With Uganda’s informal sector increasingly adopting cryptocurrencies such as Bitcoin, Ethereum, and Tether (USDT), URA says the lack of oversight has created a shadow economy that undermines the country’s fiscal integrity and threatens national revenue mobilisation efforts.
“Cryptocurrencies are not the enemy,” a senior URA official said. “But like any financial instrument, they must be regulated. In their current state, they offer a perfect conduit for tax evasion, money laundering, and cross-border smuggling—especially in high-value sectors like gold.”
The Authority expressed concern that peer-to-peer crypto trading platforms, particularly those operating without robust Know Your Customer (KYC) and Anti-Money Laundering (AML) measures, have become popular avenues for concealing income and transferring untaxed wealth offshore.
More than half of Uganda’s economy operates informally, creating fertile ground for tax leakages. URA warned that the rise in crypto adoption among traders, freelancers, and exporters—while beneficial for financial inclusion—has also made it easier for individuals and entities to bypass the formal banking system, rendering such transactions invisible to regulators.
One of the most troubling trends, URA noted, is the increasing use of cryptocurrency in gold smuggling. In some cases, proceeds from illicit or undocumented gold exports are converted into crypto and transferred abroad, avoiding banking oversight and taxation entirely.
Platforms such as Binance P2P and Paxful have come under scrutiny for facilitating such transactions. Without mandatory KYC checks, URA says these platforms make it nearly impossible to verify users’ identities or the source of funds, leaving major regulatory gaps.
Despite repeated warnings by the Bank of Uganda, the country still lacks a formal legal framework governing digital currencies. URA has described this as a “critical gap” that is impeding efforts to monitor and prosecute crypto-linked financial crimes.

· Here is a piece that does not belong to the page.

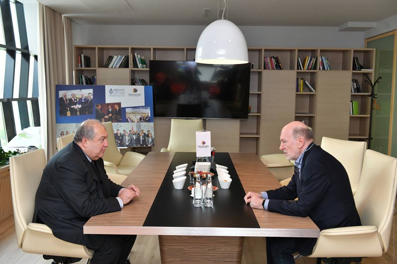 Աշխատանքային այցով Մոսկվայում գտնվող՝ Հանրապետության նախագահ Արմեն Սարգսյանն այսօր այցելել է Մոսկվայի «Սկոլկովո» կառավարման դպրոց, հանդիպել դպրոցի տնօրենների խորհրդի նախագահ Ալեքսանդր Վոլոշինի հետ:

“Public advisories are no substitute for regulation,” the official said. “We need enforceable laws that define digital assets, mandate registration and reporting for exchanges, and empower financial intelligence units to trace suspicious transactions.”

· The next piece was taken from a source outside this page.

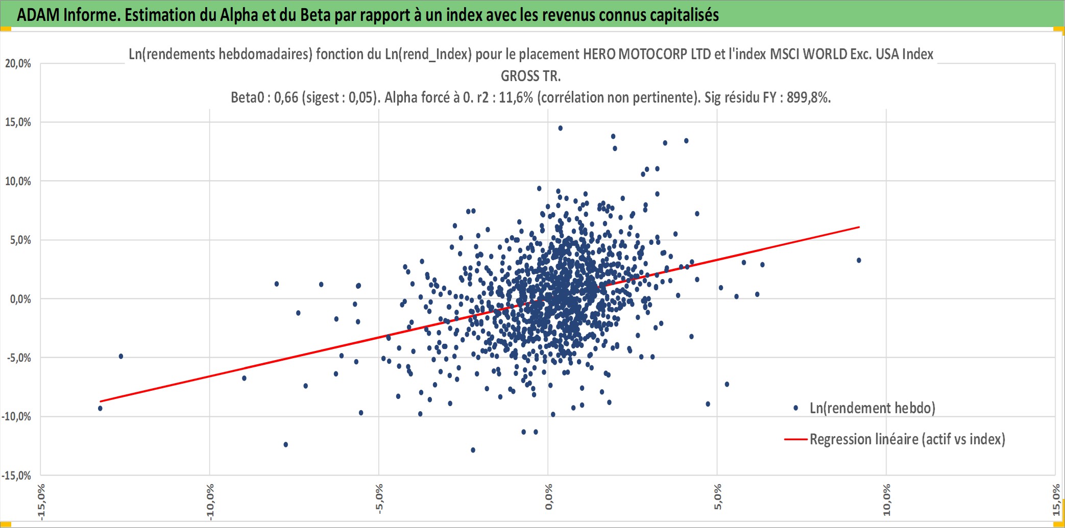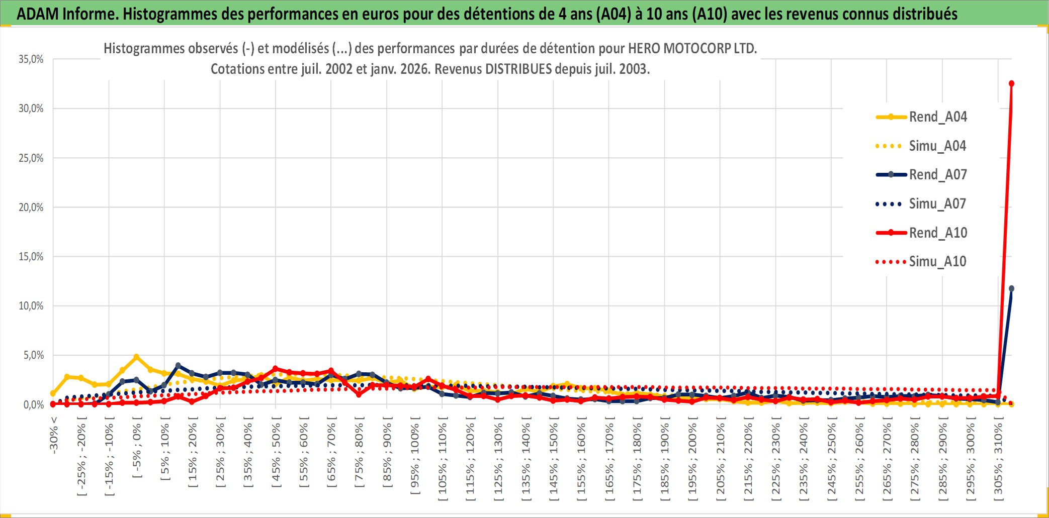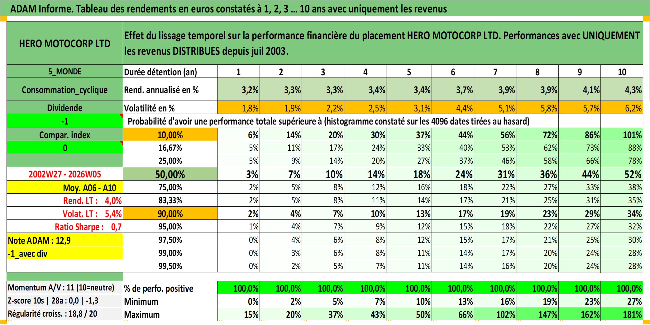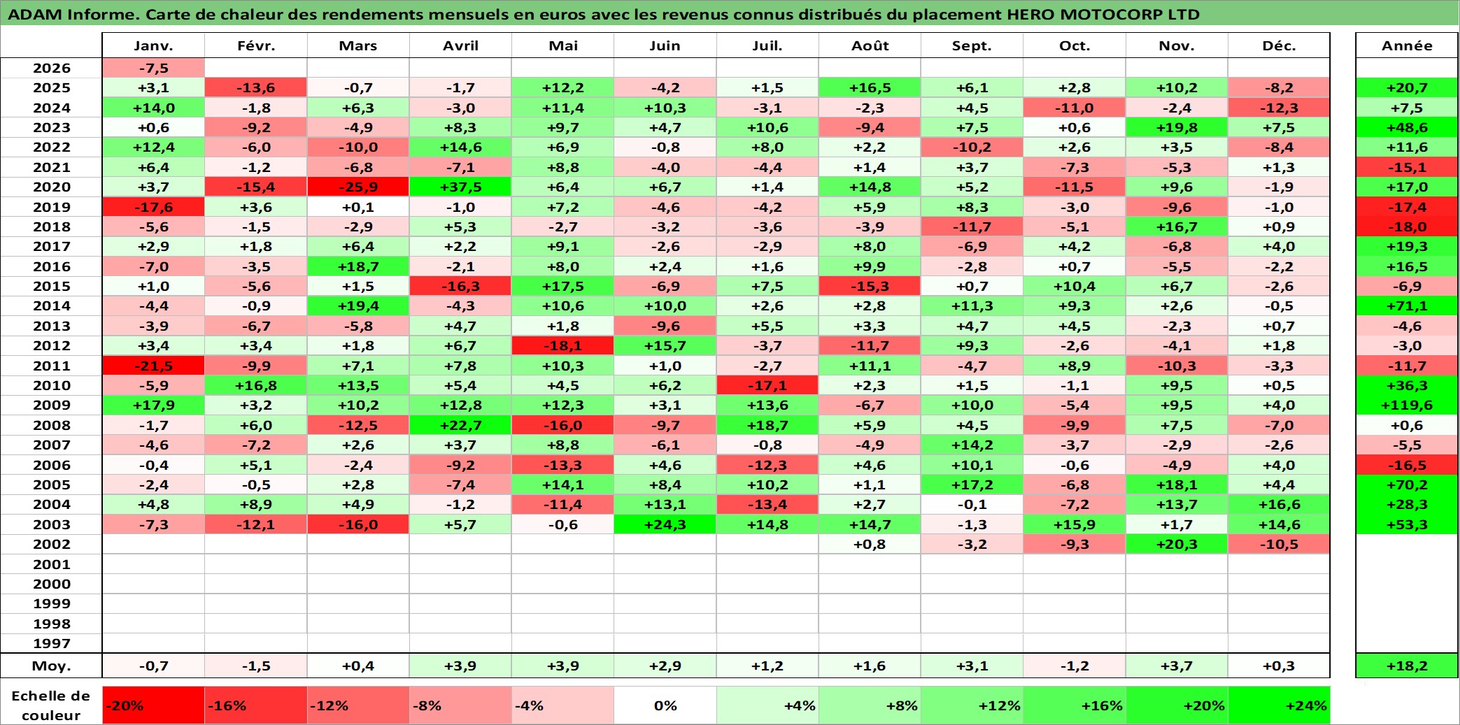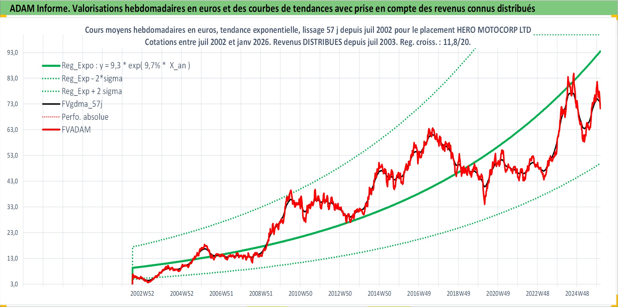 Site dédié aux investisseursPage dédiée sur site financeAnalyse des valorisations hebdomadaires de l'action HERO MOTOCORP LTD. Cet actif est cote en INR. Les valorisations sont en contrevaleur EURO et couvrent les semaines 2002W27 a 2026W05. Les revenus de cet actif financier sont pris en compte depuis la semaine 2003W29. La note globale ESG de cet actif est estimee a 16.0 (apres rebasage entre 0 et 20).

According to the Authority, a comprehensive digital asset regulatory framework should begin with a clear legal definition and classification of cryptocurrencies and service providers. It must also require all crypto platforms to implement strong KYC and AML compliance mechanisms. Regulatory bodies such as the Financial Intelligence Authority (FIA) should be equipped with blockchain forensic tools to track suspicious activities, and there must be a strong emphasis on cross-border cooperation with other East African and global financial watchdogs. Additionally, the public needs to be sensitised through education campaigns that help citizens distinguish legitimate digital finance opportunities from fraudulent schemes.

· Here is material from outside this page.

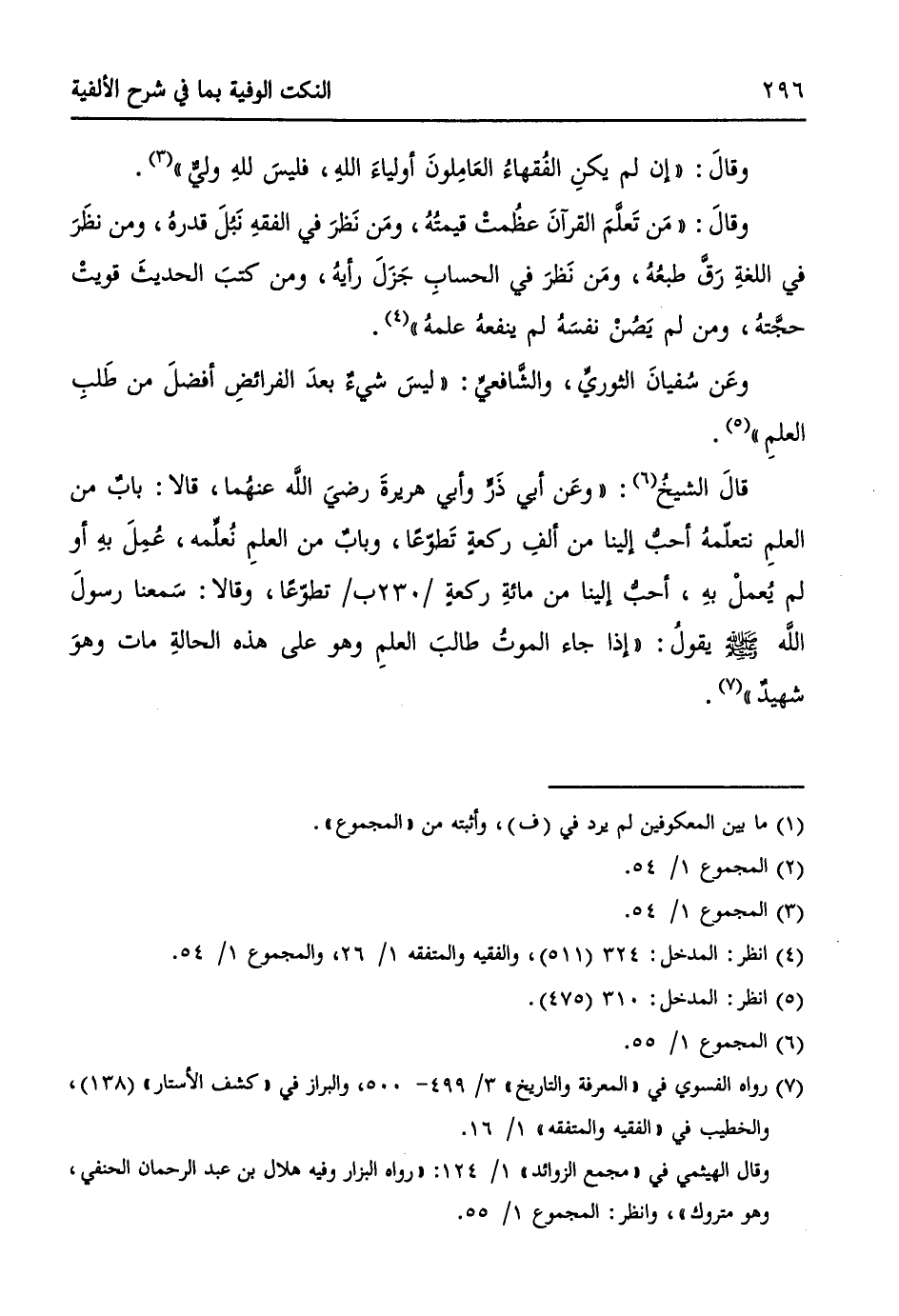 قالَ الشيخُ (¬4): ((وعَن أبي ذَرٍّ، وأبي هريرةَ رضيَ اللهُ عنهُما، قالا: بابٌ من العلمِ نتعلّمهُ أحبُ إلينا من ألفِ ركعةٍ تَطوّعاً، وبابٌ من العلمِ نُعلِّمه، عُمِلَ بهِ أو لم يُعملْ بهِ أحبُّ إلينا من مئةِ ركعةٍ /230 ب/ تطوّعاً، وقالا: سَمعنا رسولَ اللهِ - صلى الله عليه وسلم - يقولُ: ((إذا جاء الموتُ طالبَ العلمِ وهو على هذه الحالةِ مات وهوَ شهيدٌ)) (¬5).

URA also stressed the need to build capacity within enforcement institutions, including training officers in blockchain analytics and digital forensics. This, they said, will be essential for detecting and curbing crypto-related criminal activity.
Across Africa, other countries are already advancing their regulatory regimes. Nigeria, for example, reversed a 2021 crypto-bank transaction ban by introducing exchange licensing requirements and adopting blockchain monitoring tools. South Africa now classifies cryptocurrencies as financial products under its Financial Advisory and Intermediary Services Act, requiring platforms to be licensed and compliant with anti-fraud protocols. Kenya is developing a more adaptive approach, using regulatory sandboxes and inter-agency task forces to balance innovation with risk mitigation.
In contrast, Uganda remains in a regulatory grey zone. URA warns that this vacuum is fast attracting bad actors looking to exploit weak enforcement structures for illicit gain.
“Crypto can be a tool for development—but only if we have the institutions, laws, and public awareness to govern its use,” the Authority concluded. “Otherwise, it will quietly erode our revenue base and undermine efforts to build a fair, secure, and accountable economy.”
As Uganda accelerates its digital transformation, URA says establishing clear rules for the crypto economy is no longer optional—it is an urgent imperative to protect the country’s financial future.